If I did not do it at all for the entire day, I think I'd feel exhausted and very stressed by the end of the day. As someone said, like trying to avoid an itch.

Without wanting to belittle alcoholism, I wonder if it's like someone trying to to touch a drop all day. By the end of the day, you'd eat a rabid dog if it was soaked in scotch.
 
It's funny I absolutely do stim but I guess I found ways to hide it by using so-called normal ways like aggresive activities, thrill seeking
although those who understand can see it. Take finger tapping or foot shaking I would just do it to the beat of a favorite song.
 
I have learned to shut the world out. I don't know much about my stims (except that they most likely involve grinding my teeth and tapping my feet, judging by how it feels when I "return" to the world), but whatever they are they allow me to be around people without exploding. If I were to stop I'd need quite the self-discipline and presence of mind. I'm working on it.
 
I occasionally say random amounts of money in my head like "50.000 euros, 50.000 euros".

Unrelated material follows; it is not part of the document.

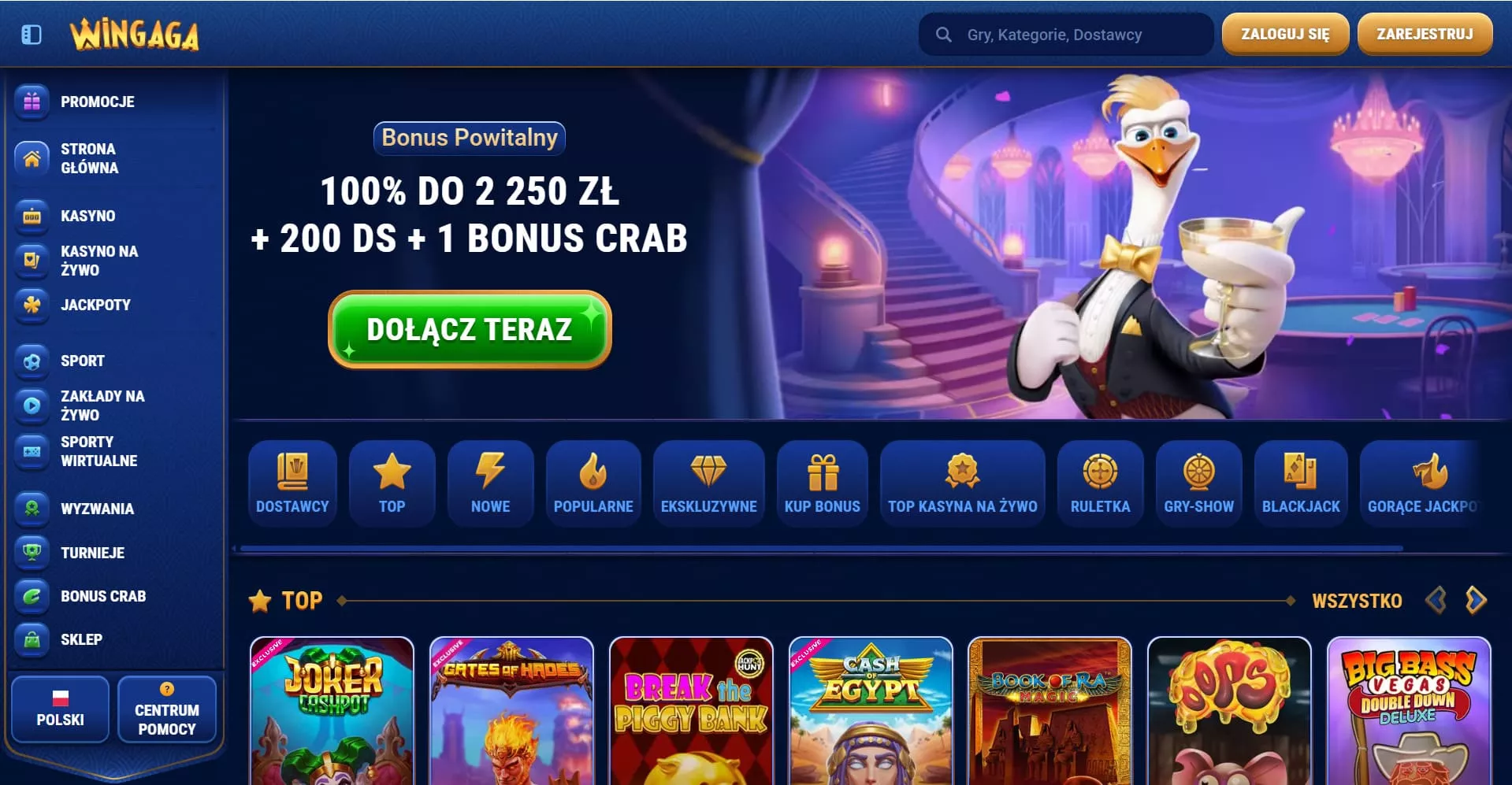 WinGaga to kasyno online założone w 2024 roku, należące do firmy NovaForge LTD. Platforma oferuje ponad 4000 gier od wielu dostawców, w tym automaty, gry stołowe oraz kasyno na żywo. Dostępna jest dedykowana aplikacja mobilna umożliwiająca wygodne logowanie i grę na urządzeniach mobilnych. Kasyno posiada 5-poziomowy program VIP z dodatkowymi korzyściami dla stałych graczy. Bonus powitalny obejmuje do 2250 PLN i 200 darmowych spinów. Niniejsza recenzja kasyna WinGaga dla polskich graczy w 2026 roku przedstawia szczegóły oferty tego operatora dla polskich graczy.

Is that a stim? I do it once a day at least and sometimes I catch myself verbalizing it and when I do it i'm in another planet.
 
That counts as a stim. When I do repetitions in my head it usually feels like a leftover from school, where they tried their hardest to make me distrust my learning abilities.
 
That's good to know. I also used to click my fingers individually every five minutes when I went to primary school and I had to stop that for obvious reasons.

That was extemely hard to do but it had to stop and now I hardly ever click them.
 
I don't actually like stimming, but it is almost involuntary.

I tend to treat it like my OCD. An occasional annoyance at best. If I start pacing at some point I realize I Am stimming....and just say to myself, "So what?" It just means something is very much on my mind...which makes me want to pace like crazy at the moment. Yet I haven't. Hmmmmm.